American businessman (born 1980)

Parker Conrad (born 1980) is an American entrepreneur. He has co-founded three startup companies: SigFig, Zenefits and Rippling. He is the former CEO of both SigFig and Zenefits, and is the CEO of Rippling, a cloud-based human resources platform.

==Early life and education==
Parker Conrad was born in 1980 in New York City to Ellen Rouse Conrad, a president and founder of the non-profit environmental group the Bedford 2020 Coalition, and Winthrop B. Conrad, Jr., a now retired senior partner at the New York law firm Davis Polk & Wardwell. Growing up on the Upper East Side, Parker Conrad attended the prestigious Upper West Side preparatory school The Collegiate School, and spent nearly two years during high school studying the neurobiology of sea snails. This research ultimately won him $20,000 and third place nationally in the Westinghouse Talent Search. Despite this, Parker admits that his high school grades were generally mediocre.

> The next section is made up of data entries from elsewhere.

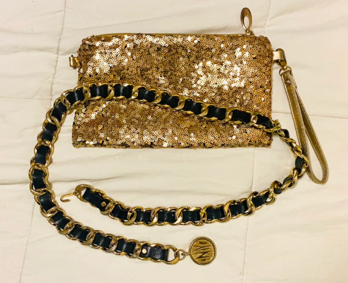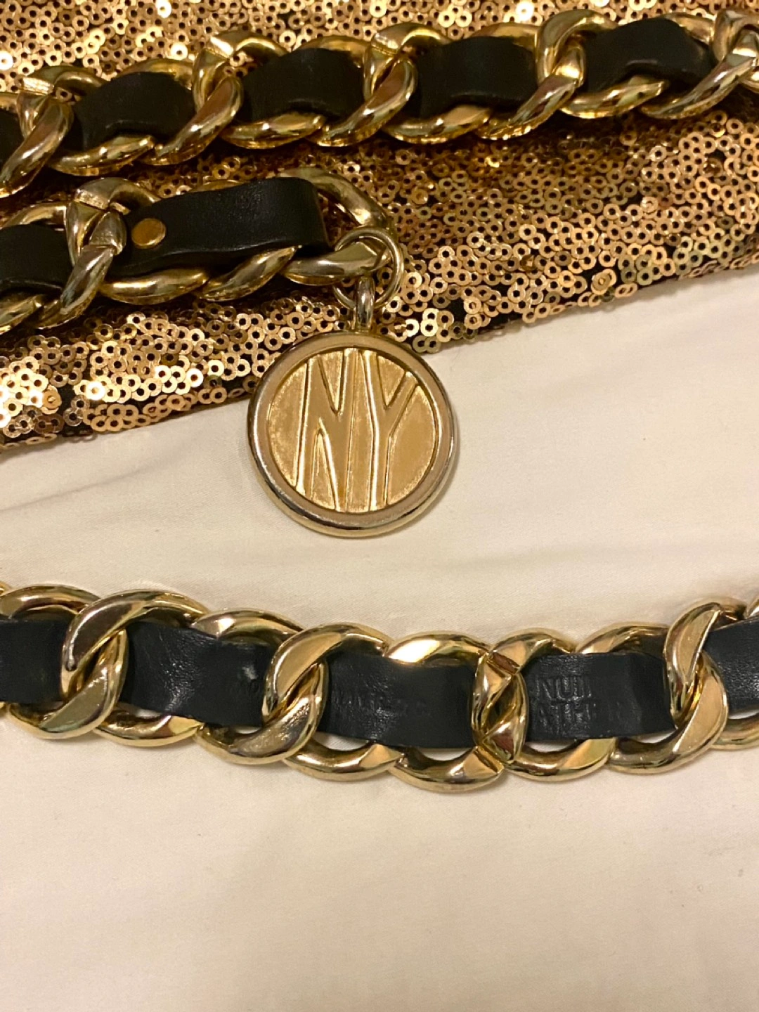 I am selling my gold sequence and gold and black leather belt !
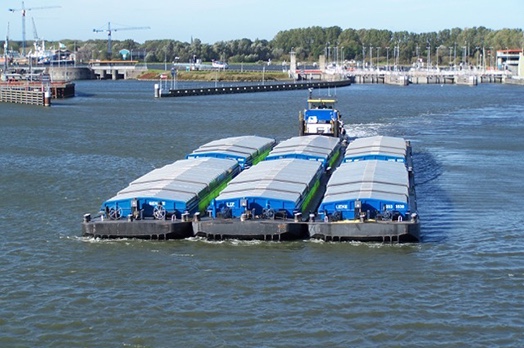 Met onze 6 duwbakken vervoeren we alles over binnenlandse kanalen en grote rivieren. Van stalen buizen tot aan veevoeders en droge lading.
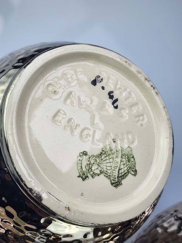 A china set made to look like Old Pewter - hence the pattern name "Old Pewter". Made by Arthur Wood - England.
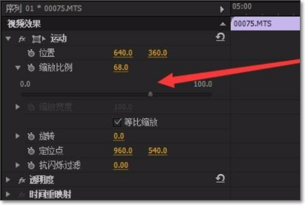 4、点击打开这个倒三角,打开比例控制条,调节即可改变视频大小,
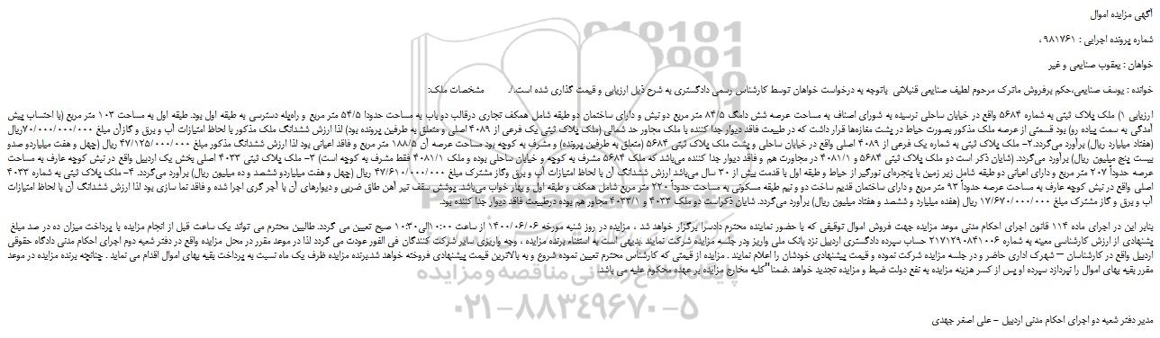 خوانده : یوسف صنایعی،حکم برفروش ماترک مرحوم لطیف صنایعی قنبلانی باتوجه به درخواست خواهان توسط کارشناس رسمی دادگستری به شرح ذیل ارزیابی و قیمت گذاری شده است./. مشخصات ملک:
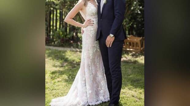 В Сети один пользователь разместил снимок, на котором позирует пара. Мужчина одет в темно-синий костюм и белую рубашку, а вот его спутница выбрала для мероприятия светлое длинное платье в пол со шлейфом и глубоким декольте.
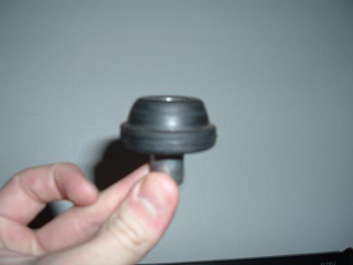Thats the top of the shock hat. That piece of rubber goes in the top of the hat, the piston goes through it, there's a large washer and a pair of nuts that hold the shock in the car. So basically right now, your suspension is free to move as it pleases and you basically have no suspension since its not bolted down
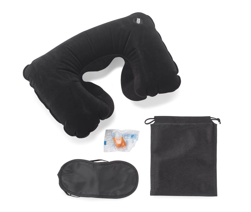 Cestovní sada CINO se skládá ze 3 prvků: masky na oči, 2 kusů špuntů do uší a nafukovacího polštáře, který je potažen příjemným materiálem na dotek. Zabírá málo místa, díky čemuž ji snadno můžeme zabalit do příručního zavazadla. Je lehká a pohodlná na použití. Určitě zpříjemní nejednu cestu. Sada je zabalená v černém sáčku.

In the fall of 1998, Conrad began studying at Harvard University, where he was managing editor of The Harvard Crimson. Conrad cites his time at the paper as a stressful period where, due to the time demands of the paper, he didn't go to many classes and failed out of school, an experience he describes as "humiliating and shocking". Forced to take a leave of absence, he spent a year working for the Arkansas Democrat-Gazette before returning to Harvard. He graduated in 2003 with an AB degree in Chemistry.

==Career==
===Amgen and Sigfig===
After graduating, Conrad became a product manager at Amgen, a biotechnology firm in California. While at Amgen, Conrad co-founded a portfolio-management startup called Wikinvest (now SigFig) with Mike Sha. The company launched in 2007 in San Francisco and was tailored for retail investors. Conrad was co-CEO, before leaving the company in 2012 after a falling out with Sha.

===Zenefits===
In 2012, he joined the Y Combinator program, taking on Laks Srini from SigFig as co-founder of a new company. Using $20,000 in savings and inspired by the recent launch of the Affordable Care Act and his own experience as a cancer patient, Conrad launched Zenefits in September 2012. The software company focused on health insurance and payroll, and was incorporated in January 2013. The company offered free human resources software to small businesses, and was a broker when companies used the service to purchase health insurance for its employees. It quickly took off, receiving millions in early funding rounds from venture capital firms such as Andreessen Horowitz and Institutional Venture Partners.

In 2014, Zenefits was named the fastest-growing startup of the year. After only two years of existence, the company had 1,600 employees, 10,000 customers, and a $4.5 billion valuation. In 2015, Conrad was listed as Number 20 on Fortune's 40 Under Forty list. Also in 2015, he ranked #22 on Forbes' America's Richest Entrepreneurs Under 40 list.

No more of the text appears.